A solar maximum is a normal period of intense or heightened solar activity in the 11 year solar cycle of the Sun. During a solar maximum, large numbers of sunspots appear and the Sun's power output increases with a significant upsurge in the incidence and power of solar flares. One of the best known examples of a major solar flare that affected communications system was the solar storm of 1859, known as the Carrington Event, a major solar eruption that struck the Earth with such intensity that the northern lights could be seen as far south as Rome, approximately 42° north of the equator.
National Oceanic and Atmospheric Administration (NOAA) scientists say they are on high alert for massive electromagnetic energy bursts from the Sun during the 2013 solar maximum that could inflict damage on power grids and communications systems.
According to scientists, if the Earth is hit by a major solar flare during the solar maximum it could result in widespread power outage, ground air traffic, disable military and civilian satellite communications.

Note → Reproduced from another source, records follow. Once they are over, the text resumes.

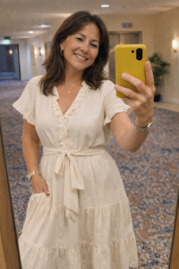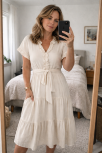 Es un vestido bonito y muy cómodo, perfecto para llevar a diario o en ocasiones más tranquilas. La tela es ligera y el diseño sencillo pero elegante, aunque en mi caso esperaba que la caída fuera un poco más ajustada en la cintura. Aun así, se ve bien puesto y combina fácilmente con distintos accesorios. En general, estoy satisfecha con la compra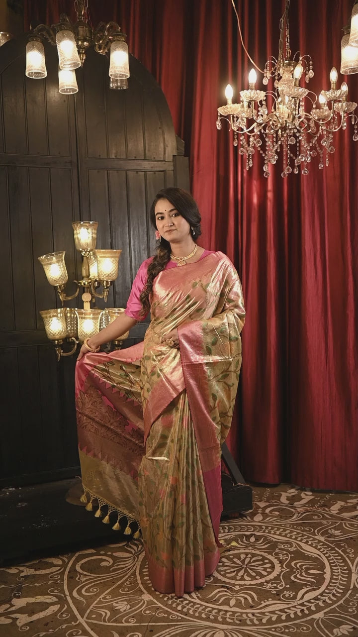 Ishya || Light Gold Pure Tissue Banarasi Handloom Saree with all over Multi-colour Floral Jaal, Magenta Pink border & Antique Gold Pallu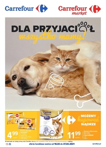 {loadposition linkCarrefour6} 'Dla przyjaciół wszystko mamy!' - nowa gazetka promocyjna sieci marketów Carrefour. Polecane promocje z gazetki Carrefour: Karma dla psa Pedigree 4x100 g - 4,99 zł. Żwirek silikonowy dla kota Carrefour 3,8 L - 11,99 zł. Karma dla…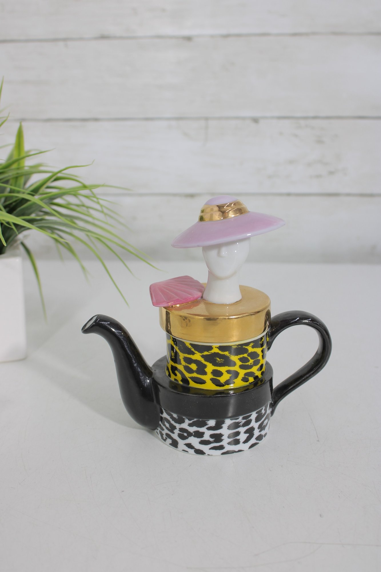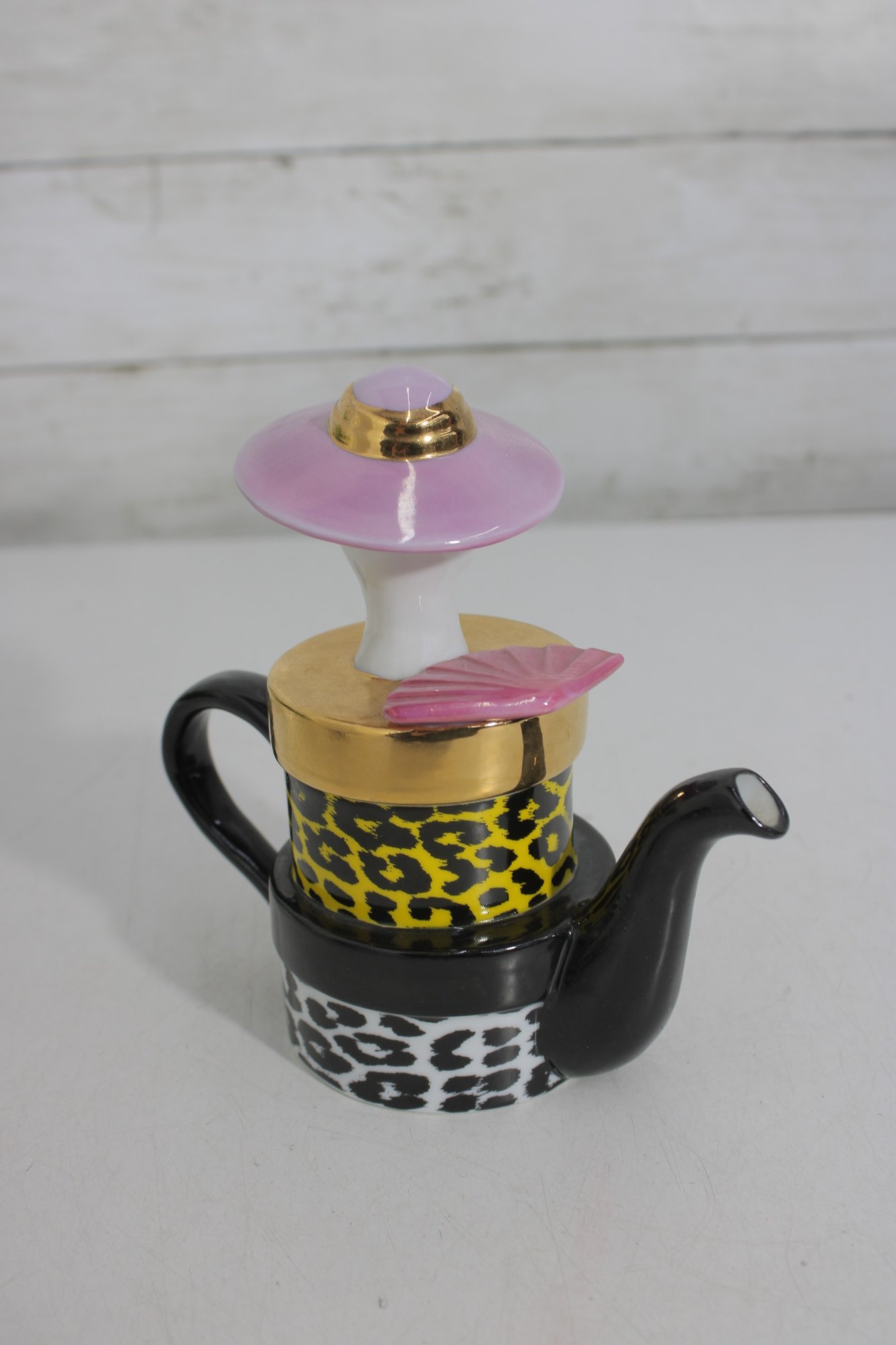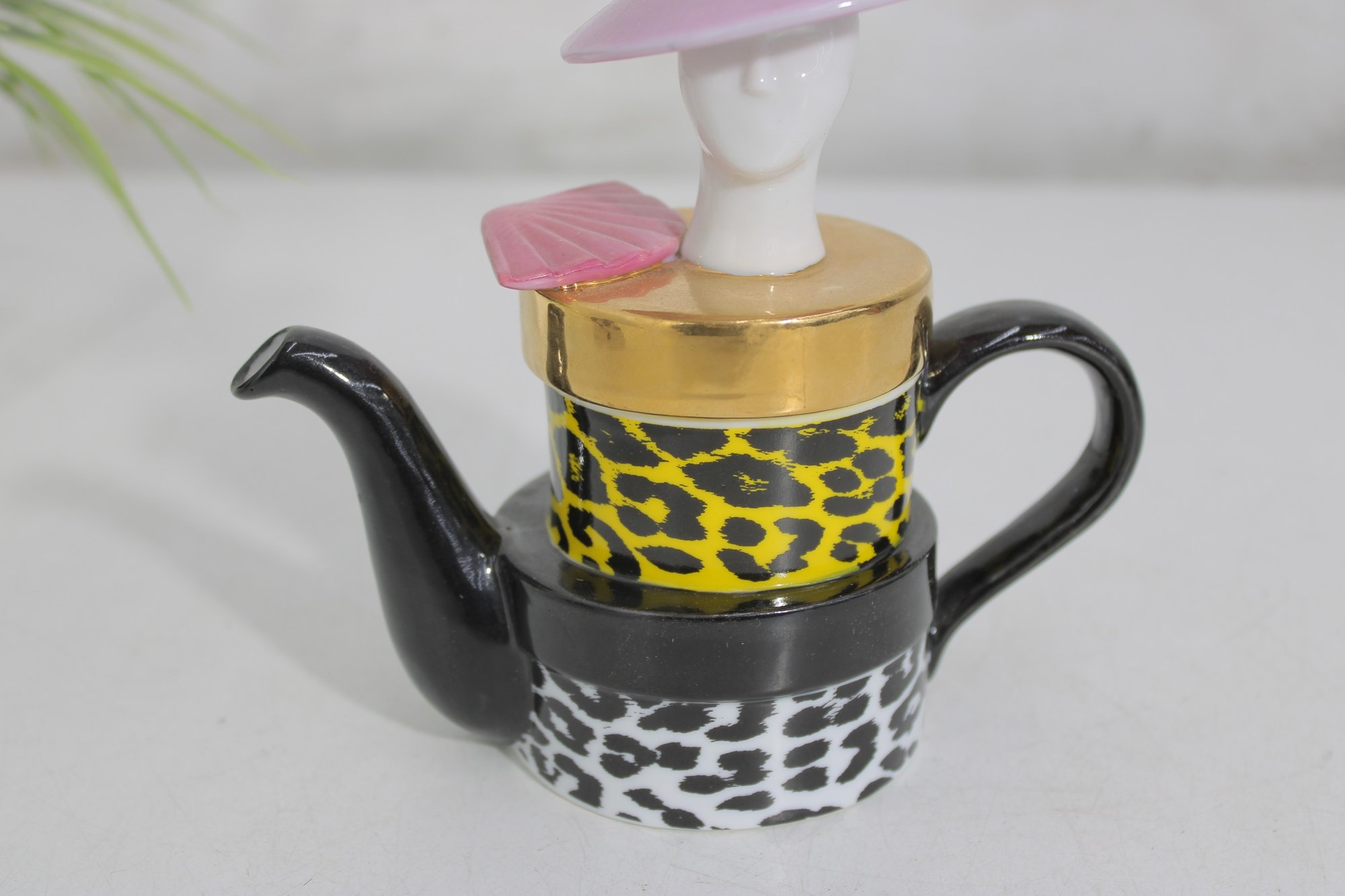 A whimsical teapot by C.J. Italy (1997) featuring layered animal-print patterns and a sculptural lid with a stylized figure (approx. 5" tall)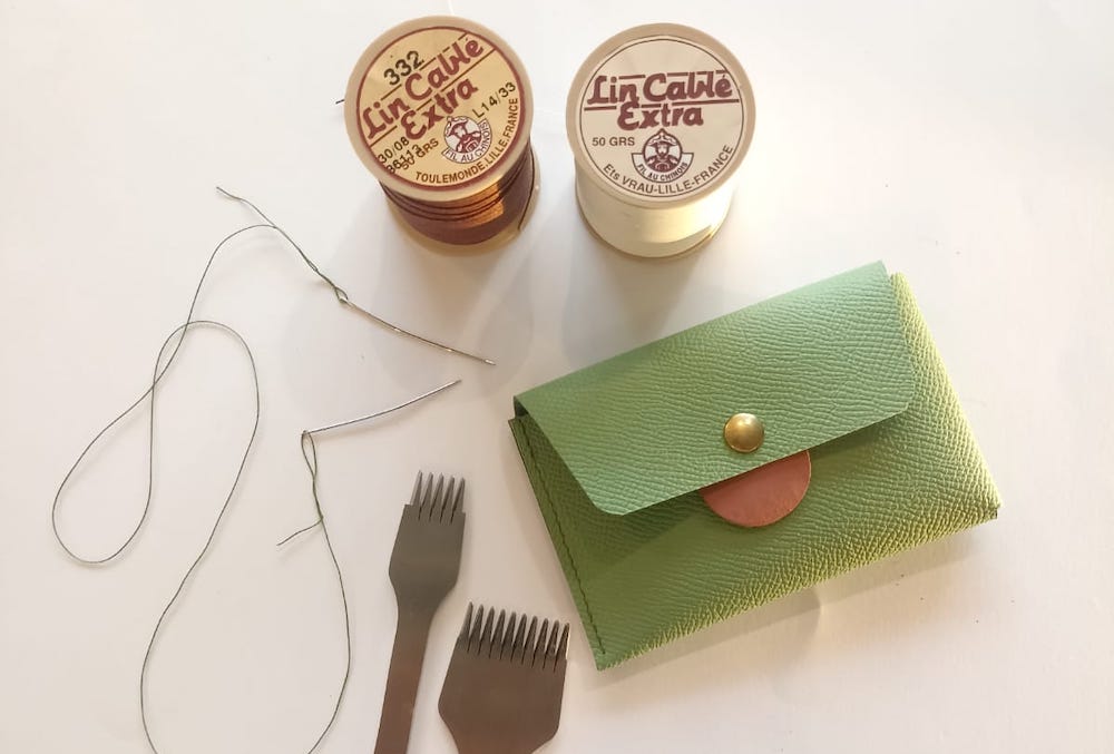 La couture sellier est réalisée avec un seul fil et deux aiguilles. Découvrez cette technique en réalisant votre propre porte-monnaie / porte-carte en cuir !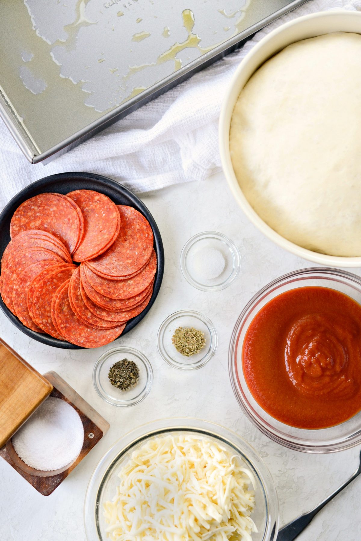 - Set out the pepperoni and grated cheese to be brought up to room temperature and generously grease two 8x8 or 9x9 pans with olive oil.
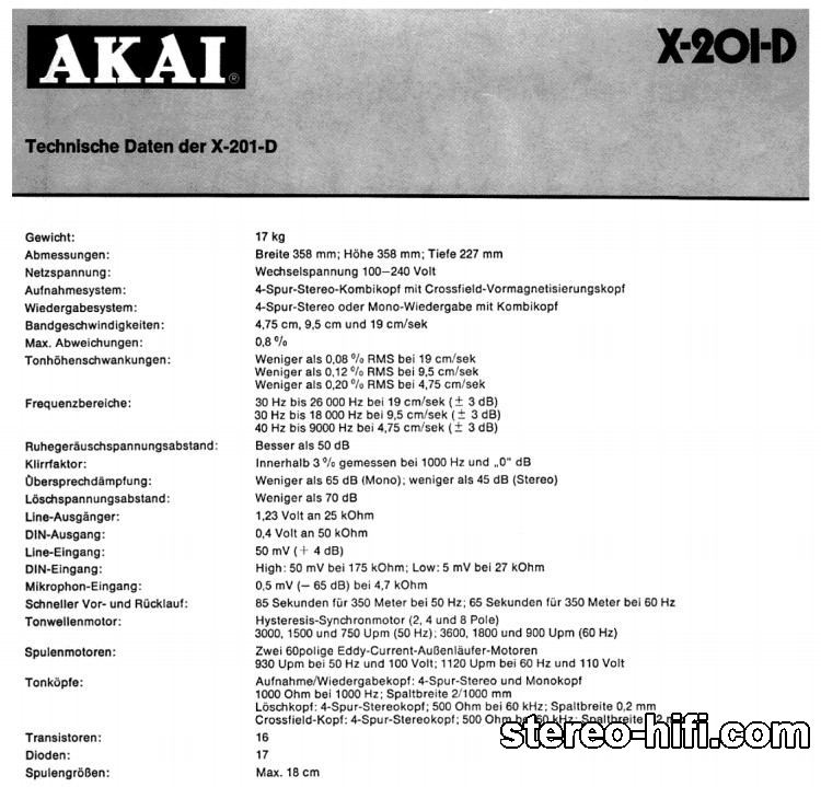 Filwoj Opublikowano 20 Lipca 2020 Opublikowano 20 Lipca 2020 Akai X201D Podstawowe dane techniczne: Track system: 4-track, 2-channel, stereo/monaural system Heads: 1 x record/playback, 1 x erase, 1 x bias Motor: 2 x reel drive, 1 x capstan Reel size: up to 7 inch reel Tape speeds: 1 7⁄8 3 3⁄4 7 1⁄2 ips Wow and flutter: 0.08% (7 1⁄2 ips) Frequency response: 30Hz to 26kHz (7 1⁄2 ips) Signal to Noise Ratio: 50dB Total harmonic distortion: 3% Crosstalk: 45dB Input: 50mV (line), 5mV (DIN), 0.5mV (mic) Output: 1.23V (line), 0.4V (DIN) Semiconductors: 16 x transistors, 17 x diodes Dimensions: 358 x 358 x 227mm Weight: 17kg Magnetofon trafił do mnie ze znanego portalu aukcyjnego kilka (naście ?) lat temu, szukałem wtedy decka na którym mógłbym odtwarzać stare taśmy nagrane jako czterościeżkowe monofoniczne na Damie Pik i na niego padł wybór. Jest raczej nieduży ale dość ciężki - 3 silniki. Posiada autorewers i trzy głowice. Pomimo tego nie daje możliwości podsłuchu podczas realizacji nagrania gdyż ta sama głowica uniwersalna pełni funkcję zapisu i odtwarzania. Osobna odpowiada za wymazywanie sygnału, a trzecia, ustawiona na przeciw uniwersalnej, odpowiada za nagranie na taśmie prądu podkładu BIAS. Magnetofon obsługuje szpule do 7 cali i te największe wystają wyraźnie poza obrys co wygląda bardzo rasowo. Posiada trzy prędkości i do każdej ustawiany przełącznikiem parametr "Equalizer" podczas nagrywania. 2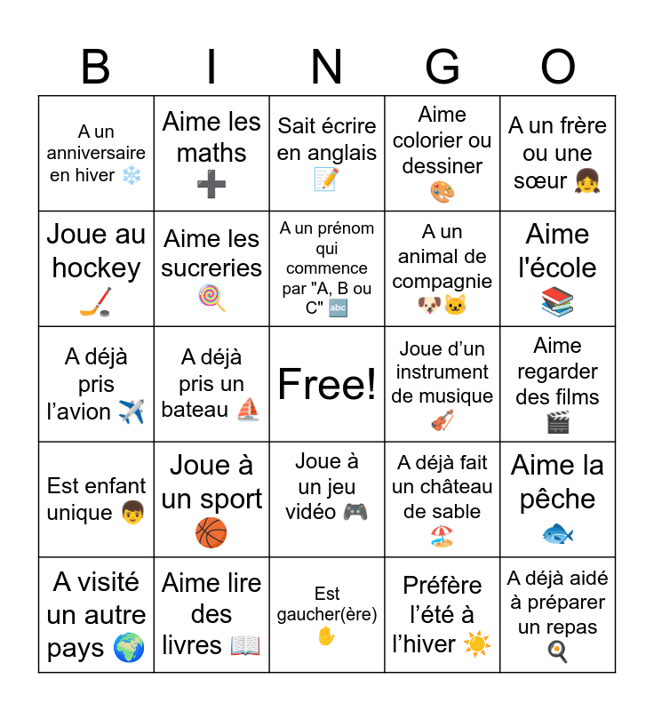 This bingo card has a free space and 24 words: Joue à un sport 🏀, Aime lire des livres 📖, A un prénom qui commence par "A, B ou C" 🔤, A visité un autre pays 🌍, A un frère ou une sœur 👧, A un anniversaire en hiver ❄️, Joue au hockey🏒, Aime les maths ➕, Joue d’un instrument de musique 🎻, Joue à un jeu vidéo 🎮, A un animal de compagnie 🐶🐱, A déjà pris l’avion ✈️, A déjà fait un château de sable 🏖️, Aime la pêche🐟, Aime les sucreries 🍭, Préfère l’été à l’hiver ☀️, Aime regarder des films 🎬, Sait écrire en anglais 📝, Aime l'école📚, A déjà pris un bateau ⛵, A déjà aidé à préparer un repas 🍳, Est enfant unique 👦, Aime colorier ou dessiner 🎨 and Est gaucher(ère) ✋.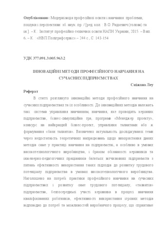 - Леу, Сніжана Олексіївна (orcid.org/0000-0001-8616-1005) (2015) Innovative methods of workforce development of an enterprise under modern conditions Модернізація професійної освіти і навчання: проблеми, пошуки і перспективи, 1 (6). pp. 143-154.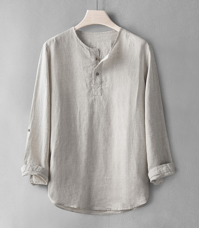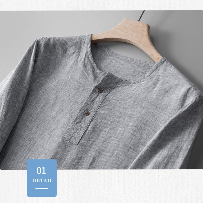 亜麻100% カプリシャツ メンズ 長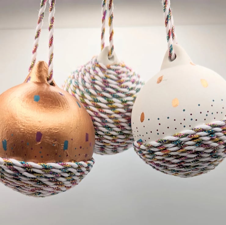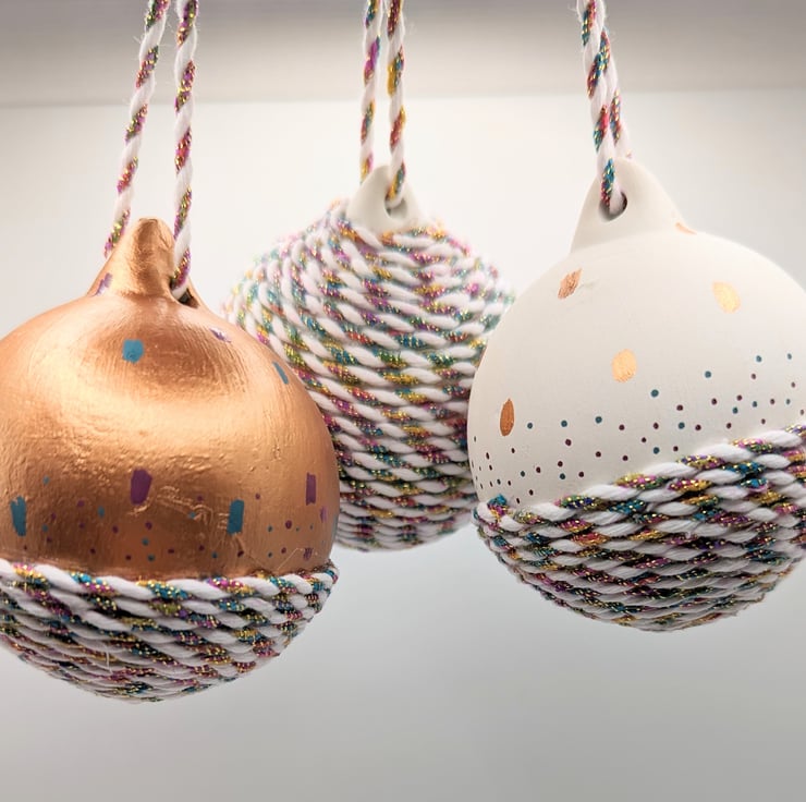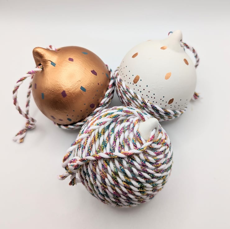Gorgeous ceramic baubles, hand decorated, painted. Set of 3.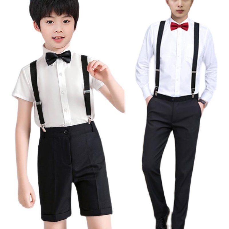 Children's suspenders white shirt show adjustable elastic suspenders black red bow tie trousers suspenders uniform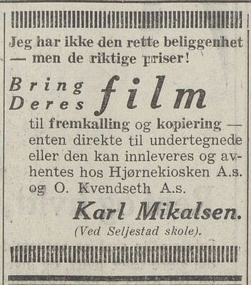 Forretningen til Mikalsen, som også førte kioskvarer, var i bolighuset hans like sør for Seljestad skole. Huset står ennå (i 2014).
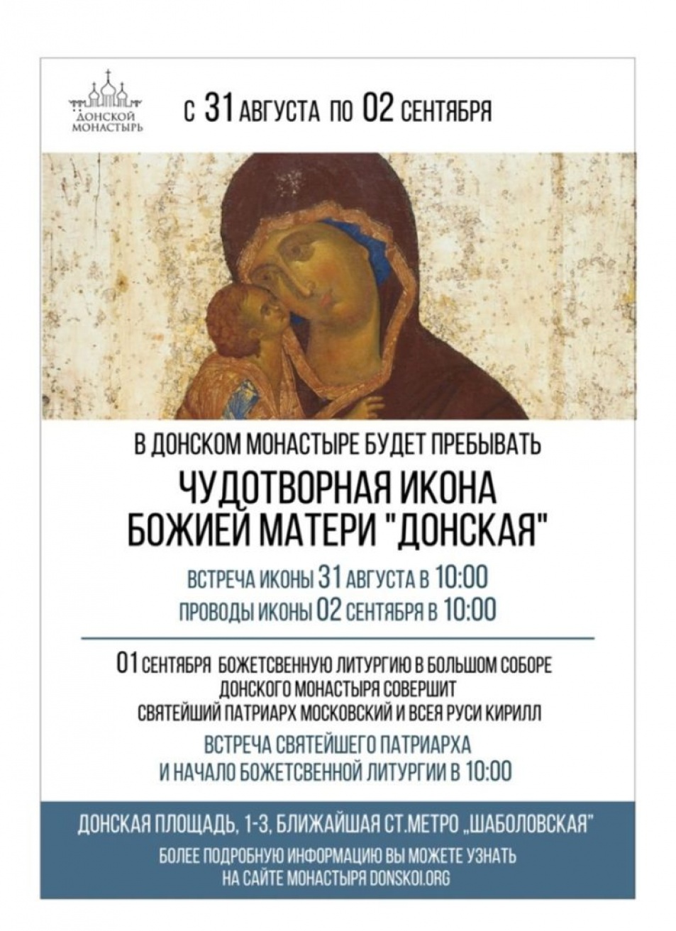 1 сентября 2019 года, в день чествования Донской иконы Божией Матери, в Москве пройдут торжества по случаю престольного праздника Донского ставропигиального мужского монастыря.

The Blaze reports that Tom Bogdan, director of NOAA's Space Weather Prediction Center, says the agency is monitoring the situation as closely as possible. He said: “We now know how powerful space weather can be and how events that begin on the surface of the Sun can end up wreaking havoc here on Earth. This is why NOAA has a Space Weather Prediction Center — to forecast when space weather is coming our way, so we can avoid or mitigate damages.”
According to The Blaze, a 2008 study estimated the cost of damage due to a direct hit by a solar flare at $1-2 trillion, compared to Hurricane Katrina that cost $125 billion. The massive cost arises from the fact that in the early 21st century, our daily lives are closely tied to the continued function of power and satellite systems. According to Dr Michio Kaku, a member of the American Physical Society (APS), “Solar flares are like bullets fired into space, so far we've dodged the bullets.”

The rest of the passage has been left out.